There is an alternative plan being introduced by House Speaker Jase Bolger (R-Marshall) that would gradually allocate sales taxes on gasoline to the transportation budget, shifting the funds from schools and local governments. This plan would also create $1.2 billion dollars for road funding like Synder’s plan but not punish taxpayers. Bolger believes that because the state’s economy is recovering and tax revenue is increasing, his proposal would not require any budget cuts and would instead just mitigate growth of future revenue.In a statement Bolger said “Simply put, this plan dedicates the taxes drivers pay at the pump to fixing their roads.”

Michigan is starting its fifth year of an economic expansion and recovery. After suffering one of the greatest population loses from the 2008 crash, why are lawmakers punishing those of us who remain in the state and giving others more reason to not move back to Michigan?

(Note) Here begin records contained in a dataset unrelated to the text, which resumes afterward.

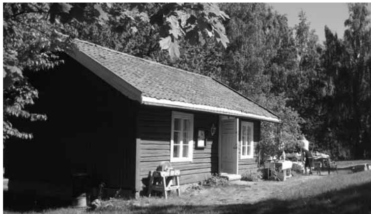
Gjellumstua, et besøk verd.

Vi lagde en «kuul-tur sti» for familier/-grupper rundt på området, med basis i historie og natur og med premiering til deltagerne.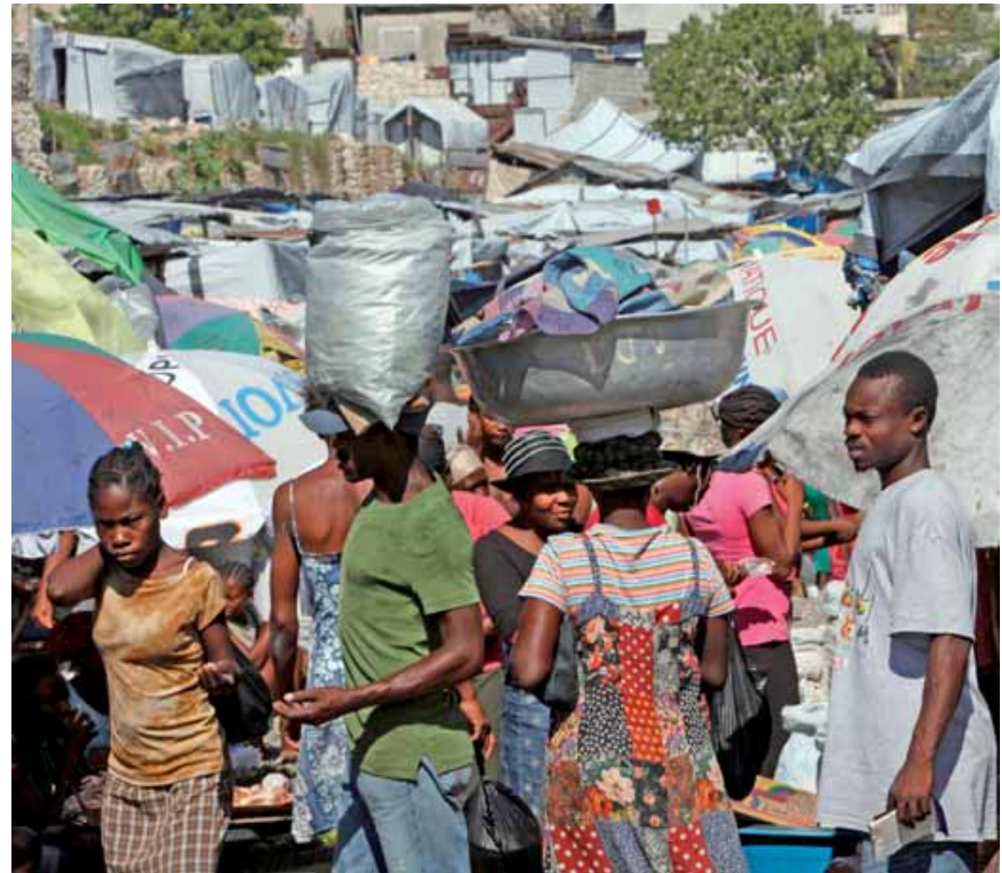
Un an après le séisme, dans les rues de Port-au-Prince.

SÉBASTIEN : Des milliers de personnes se sont rassemblées sur les terrains de foot autour de notre bureau. Nous y emmenons aussitôt du matériel pour continuer à soigner et évacuer les blessés vers l'hôpital. Nous devons, en parallèle, commencer à préparer la logistique pour l'arrivée des premières équipes d'urgence et du matériel de la Croix-Rouge française.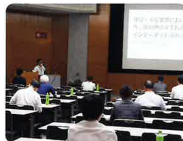
特相員研修(山口市)

また、当センターでは、これから経営特別相談員になられる方を対象とした新規特別相談員養成講習を1月19日及び2月7日に実施します。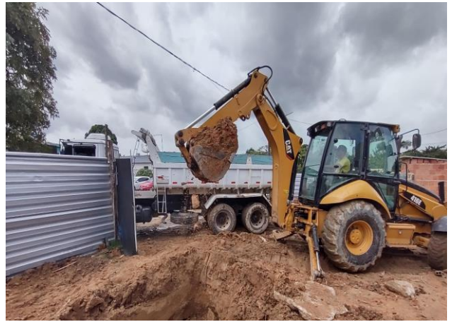
Destinação de material de 1ª categoria proveniente de escavação para Bota Fora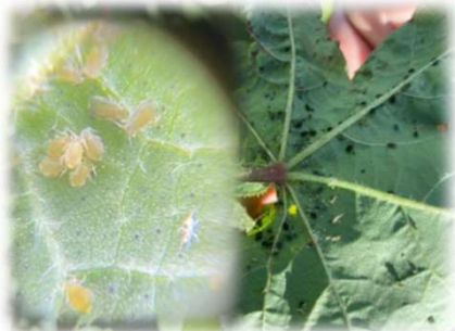
Pulgão-do-algodoeiro ( Aphis gossypii )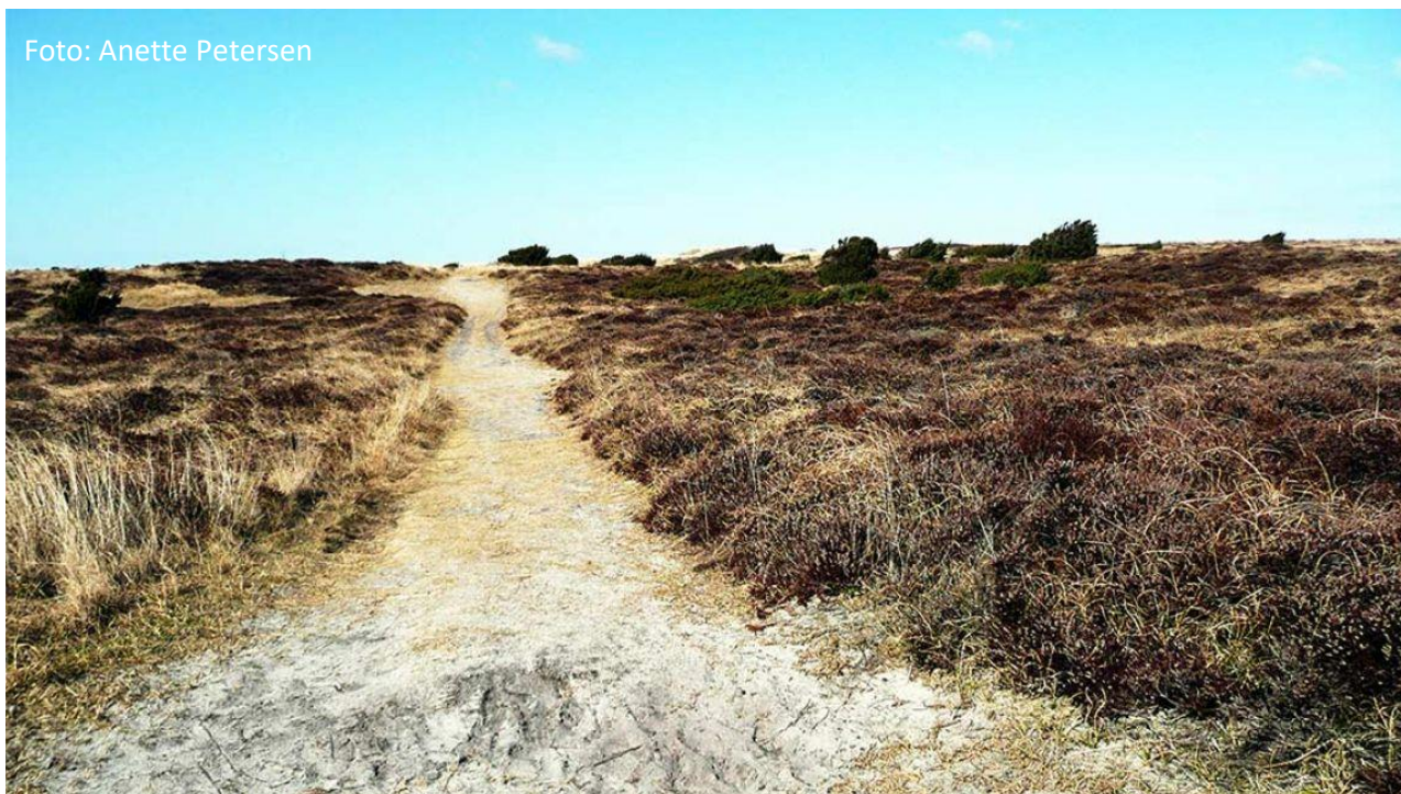
Korshage på Rørvig-halvøen

According to Americans for Prosperity - Michigan’s State Director Scott Hagerstrom, “Lawmakers who support putting a massive tax hike on the ballot are just passing the ball so special interests can score a touchdown.”

Enough is enough. If Michigan wants to end the hemorrhaging amount of citizens leaving the state, wants to stop the slow economic recovery and enter the fast lane, then it needs to stop taking more money out of its residents’ wallets. Instead, the state government should let Michiganders decide how and where their money should be spent to afford more goods and services that they can spend on Michigan businesses. Ultimately, The final decision will be in the hands of Michigan voters, as the tax proposal will be on the ballot in May of 2015.